Linear Query Approximation Algorithms for Non-monotone Submodular Maximization under Knapsack Constraint
This addresses a fundamental optimization challenge in machine learning and AI, with applications in revenue maximization and image summarization, by providing efficient algorithms for a previously hard problem.
The paper tackles the problem of non-monotone submodular maximization under a knapsack constraint by introducing two algorithms, DLA and RLA, which achieve constant approximation factors of 6+ε and 4+ε respectively with linear query complexity of O(n log(1/ε)/ε).
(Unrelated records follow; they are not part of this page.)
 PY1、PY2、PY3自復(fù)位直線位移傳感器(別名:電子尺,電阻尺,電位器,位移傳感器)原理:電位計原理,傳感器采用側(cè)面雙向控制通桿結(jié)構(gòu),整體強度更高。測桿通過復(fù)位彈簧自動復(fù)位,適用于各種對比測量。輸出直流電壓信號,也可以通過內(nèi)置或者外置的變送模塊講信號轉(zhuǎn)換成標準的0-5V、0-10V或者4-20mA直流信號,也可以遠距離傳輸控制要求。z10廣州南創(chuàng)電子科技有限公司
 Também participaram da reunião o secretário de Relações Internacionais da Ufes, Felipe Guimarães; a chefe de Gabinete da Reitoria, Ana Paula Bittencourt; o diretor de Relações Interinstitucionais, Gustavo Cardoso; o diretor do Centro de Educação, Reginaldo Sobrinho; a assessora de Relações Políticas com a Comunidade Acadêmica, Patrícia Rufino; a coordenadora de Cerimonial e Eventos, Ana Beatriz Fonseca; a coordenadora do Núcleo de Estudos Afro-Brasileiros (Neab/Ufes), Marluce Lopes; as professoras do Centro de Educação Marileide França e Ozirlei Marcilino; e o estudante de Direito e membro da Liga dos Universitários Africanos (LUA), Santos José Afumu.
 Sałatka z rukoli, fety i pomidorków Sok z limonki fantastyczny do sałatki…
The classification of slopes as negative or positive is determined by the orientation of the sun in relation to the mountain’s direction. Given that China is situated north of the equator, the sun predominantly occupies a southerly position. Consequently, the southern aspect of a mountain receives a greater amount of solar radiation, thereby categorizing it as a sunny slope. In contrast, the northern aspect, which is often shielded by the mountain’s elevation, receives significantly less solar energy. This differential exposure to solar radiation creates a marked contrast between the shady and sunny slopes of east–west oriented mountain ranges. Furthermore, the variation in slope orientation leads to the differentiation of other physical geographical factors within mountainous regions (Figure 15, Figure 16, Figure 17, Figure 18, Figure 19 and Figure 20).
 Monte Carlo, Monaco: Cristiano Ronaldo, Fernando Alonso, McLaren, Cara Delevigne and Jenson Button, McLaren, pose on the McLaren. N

This work, for the first time, introduces two constant factor approximation algorithms with linear query complexity for non-monotone submodular maximization over a ground set of size $n$ subject to a knapsack constraint, $\mathsf{DLA}$ and $\mathsf{RLA}$. $\mathsf{DLA}$ is a deterministic algorithm that provides an approximation factor of $6+ε$ while $\mathsf{RLA}$ is a randomized algorithm with an approximation factor of $4+ε$. Both run in $O(n \log(1/ε)/ε)$ query complexity. The key idea to obtain a constant approximation ratio with linear query lies in: (1) dividing the ground set into two appropriate subsets to find the near-optimal solution over these subsets with linear queries, and (2) combining a threshold greedy with properties of two disjoint sets or a random selection process to improve solution quality. In addition to the theoretical analysis, we have evaluated our proposed solutions with three applications: Revenue Maximization, Image Summarization, and Maximum Weighted Cut, showing that our algorithms not only return comparative results to state-of-the-art algorithms but also require significantly fewer queries.